Optimizing Agent Workflows for Modern LLMs
Writing effective agent skills requires deep knowledge of prompt engineering. With the release of advanced reasoning models like Claude 3.5 Sonnet, ChatGPT o1, and DeepSeek-V3, prompt templates must focus on structured thinking. Developers are encouraged to use XML tags (e.g., <thought>, <context>, and <rules>) to isolate execution boundaries. Standardized prompts prevent agents from suffering from context drift, ensuring that long-running tasks remain aligned with the initial system parameters.
Exploring by SOC Occupations and Creator Profiles
What makes SkillMD unique is its taxonomy. Instead of simple text search, we parse and organize files according to the Standard Occupational Classification (SOC) system. This means you can discover skills written for Computer and Mathematical roles, Business and Financial operations, Legal, Design, and and Educational Instruction fields.
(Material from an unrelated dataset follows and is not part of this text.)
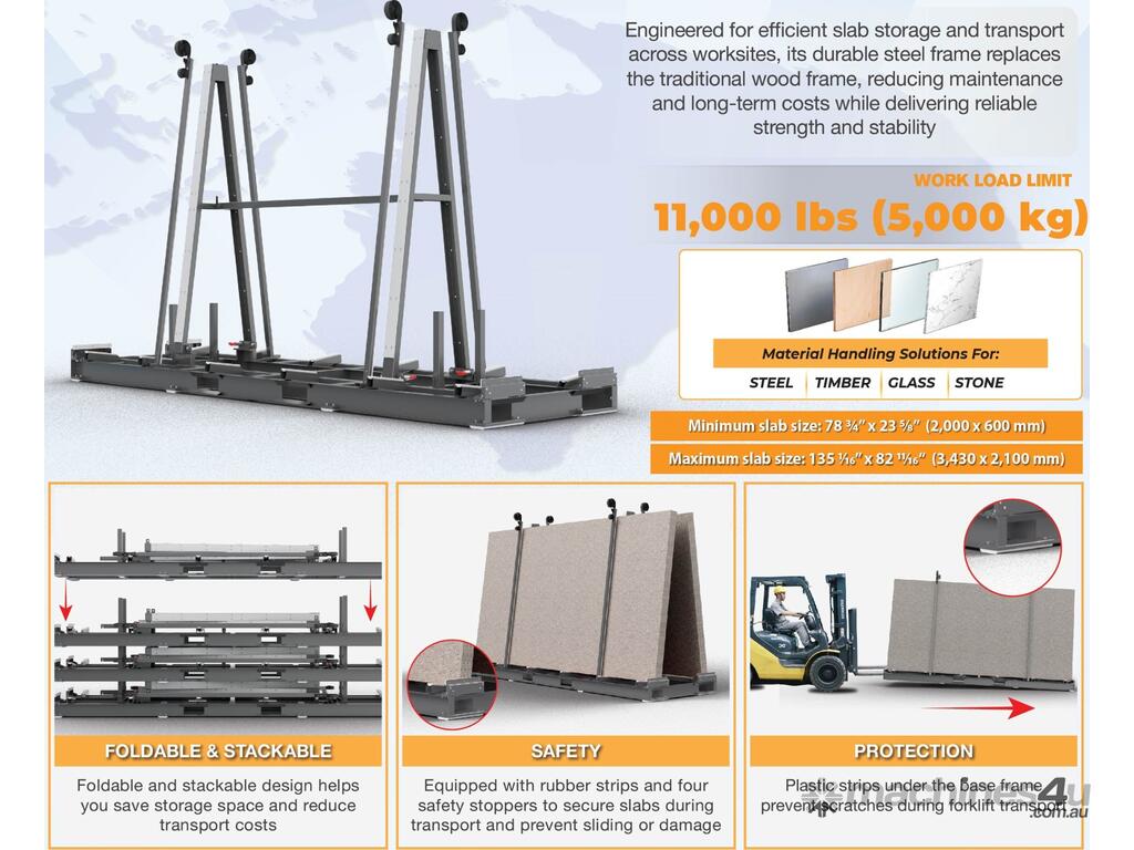 • Enhanced with rubber strips and ratchet securing bars prevents chipping and damage to your slabs.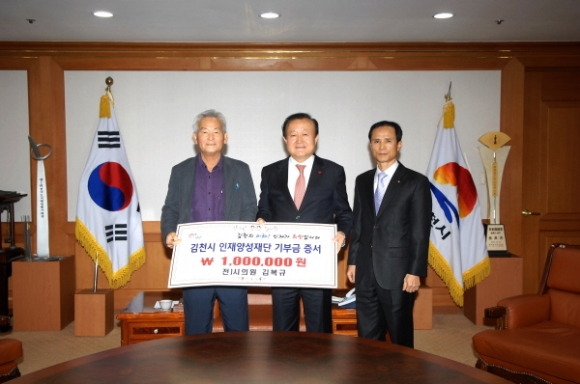 김천의 교육발전과 글로벌 인재육성을 위해 김복규 전)시의원이 김천시인재양성재단(이사장 박보생)에 장학기금 1백만원을 기탁했다.

By tracking creator profiles, developers can study how different teams organize their custom instructions, compare version updates, and fork public configs for specialized enterprise use cases.
SkillMD operates as a high-performance index running on a fast Go backend and a highly responsive Astro SSR frontend. All search queries execute in milliseconds, featuring smart debouncing to prevent multiple API requests while keeping user data secure. Join our community of developers to standardize your AI agent instructions and optimize your LLM prompting workflows today.
Frequently Asked Questions
A practical guide to agent skills: what they are, how to inspect them, and how SkillMD helps you explore the ecosystem.